Disruptive force

The genie’s out of the bottle – embracing tobacco harm reduction could end smoking within a generation, says Knowledge Action Change. DDN reports.

disruptive force ddn magazine featureSmoking causes at least 8m deaths every year – more than from HIV/AIDS, tuberculosis and malaria combined. Despite this global public health crisis, the number of smokers worldwide has remained static at 1.1bn over the past two decades.

In The right side of history, Knowledge Action Change (KAC)’s third report in a series on the global state of tobacco harm reduction, Harry Shapiro looks at past, present and future. Why have there been so many false starts to find safer ways to use nicotine? How have consumers themselves influenced the development of tobacco harm reduction? What’s been the response of public health and tobacco control organisations? What role has the tobacco industry played in all of this? And the key question: ‘Are we now going to see the opportunity to end smoking slip away – leaving the tobacco industry to continue profiting from the sale of combustible cigarettes?’

The report is a fascinating and disturbing read. It’s a story of innovation, but equally a story of ignorance, greed, corruption, neglect, inertia and privilege as we see the emergence of much safer products being regulated and dismissed to further confirm deadly combustible cigarettes as the number one choice. As we read about the burden of tobacco-related death and disease falling disproportionately on people who are poor, vulnerable and disadvantaged, we are reminded of tobacco companies’ sham promotion of ‘safer’ cigarettes (for which they were penalised in the 1990s) with a filter that was nothing more than a PR exercise. Their products remained deadly, and they knew it.

Breakthrough

The twist in this story is that the breakthrough in tobacco harm reduction was consumer driven and not the result of public health policy dealt from on high. Individual innovators began experimenting for a safer vaping product, motivated by their desire to quit smoking. An American man came close, but China gave their candidate the backing and a new industry was born. Developing an export market quickly, China offered the world the opportunity to try vaping instead of smoking. 

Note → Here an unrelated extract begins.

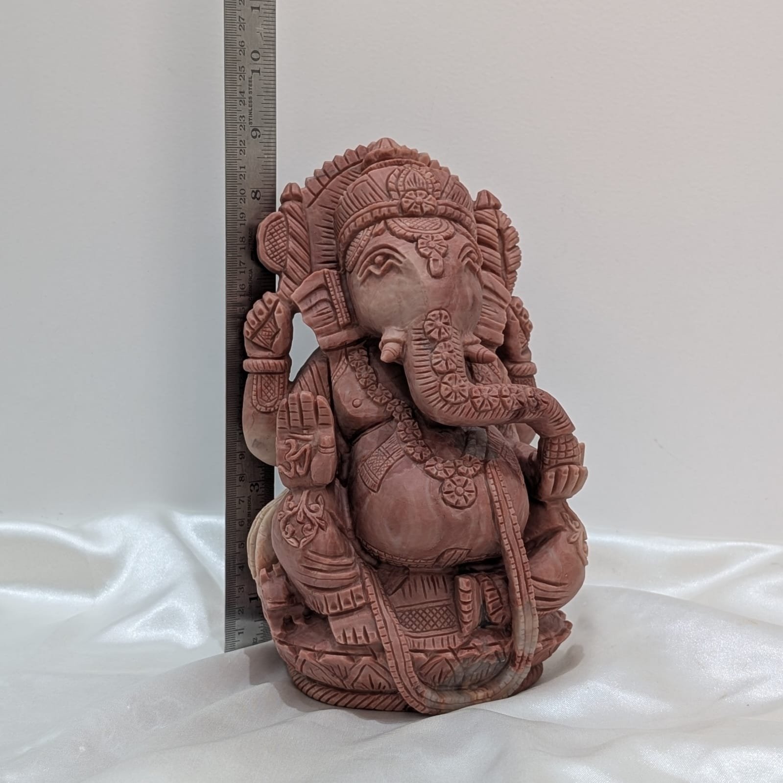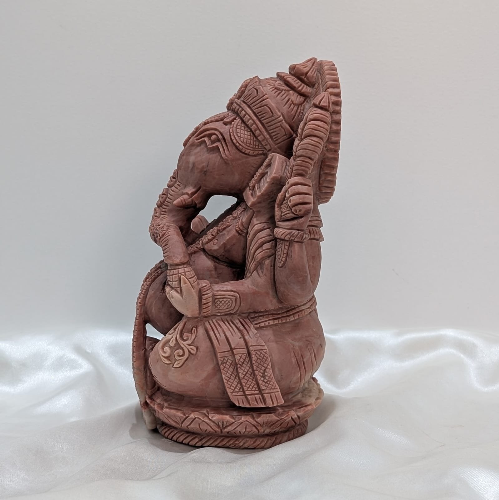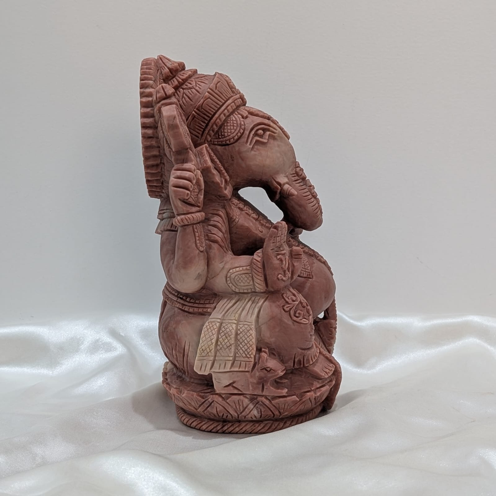 Ganesha idols are commonly placed in homes, offices, and sacred spaces as a representation of good fortune and success. A gemstone carving adds an extra level of elegance and uniqueness to the traditional form.

Harry Shapiro, the report’s author, explains how interest and excitement spread through internet forums, chat rooms and websites – ‘what’s all this e-cig stuff that I keep reading about in the newspapers? Is it going to help me? Are they safe? Where can I get them? How much do they cost?’

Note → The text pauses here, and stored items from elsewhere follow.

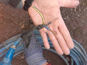 Vendo cavo elettrico tripolare usato, lunghezza circa 34 metri, dotato di presa solo a una estremità (all'altra va aggiunta), reca la dicitura 3G6 CEI 20-22, marca La Triveneta. Ciascuno dei tre cavi interni ha diametro di circa 3,5 millimetri (solo la parte in rame, non il rivestimento isolante esterno). Prezzo 35 euro. Ritiro a mano a Monza. Se l'annuncio è visibile l'articolo è ancora disponibile.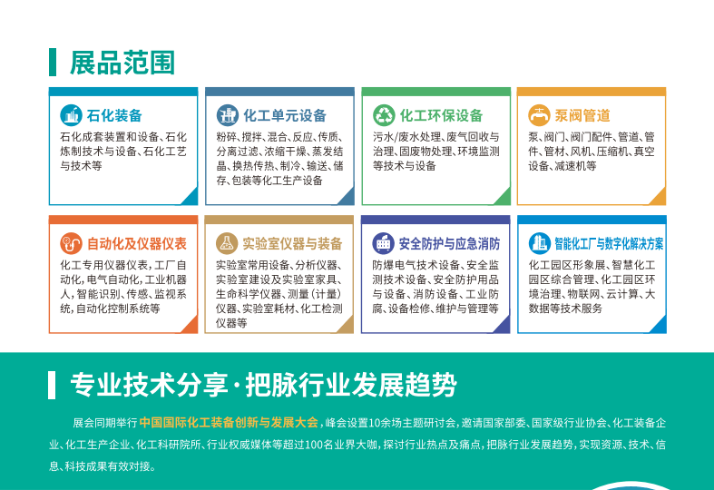 展会以 “全产业链协同创新,推动化工装备高质量发展”为主题,聚焦石油化工、精细化工、新能源、环保等核心领域,展示泵、阀门、管道、换热器、反应釜、分离过<a href="http://www.hnyongfutang.com/" target="_blank" 97国际平台登录入口target=_blank>97国际平台登录入口滤、蒸发结晶、微反应器、智能化工厂及数字化解决方案等先进装备与技术。同期还将举办第十八届上海国际化工环保展会(CEEF 2026)、第十八届上海国际蒸发及结晶技术设备展览会(CECF 2026),形成 化工装备全产业链一站式采购平台。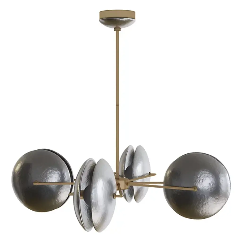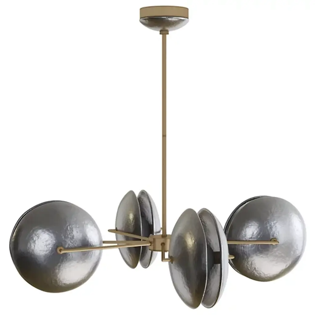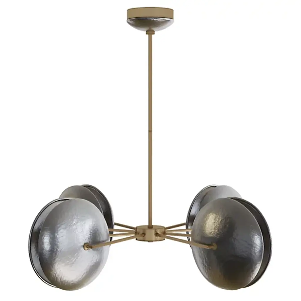 The Whitney LED Chandelier from Arteriors is a moody and sophisticated piece that can enhance the surrounding space. Its antique brass iron body is adorned with futuristic, smoky slump luster glass disc shapes that visually encase the frosted glass bulb inside. The fixture emits a diffused glow from each glass shade, creating a soft and inviting ambiance.

Politicians, regulators and law-makers were all completely caught off guard, he says. ‘They had absolutely no idea what to do with these products – is it tobacco? Should we make them medical products?’ And in the absence of knowledge, they took some bad advice from otherwise credible sources like the World Health Organization (WHO). ‘And of course, if you’re going to develop policies on the back of bad advice, what you finish up with is bad policy – and this is what has happened in many countries.’

Just as health and regulatory authorities moved towards restricting the products, consumers – the thousands who had benefited from vaping – began to advocate for their right to use them and this had a direct influence on policy.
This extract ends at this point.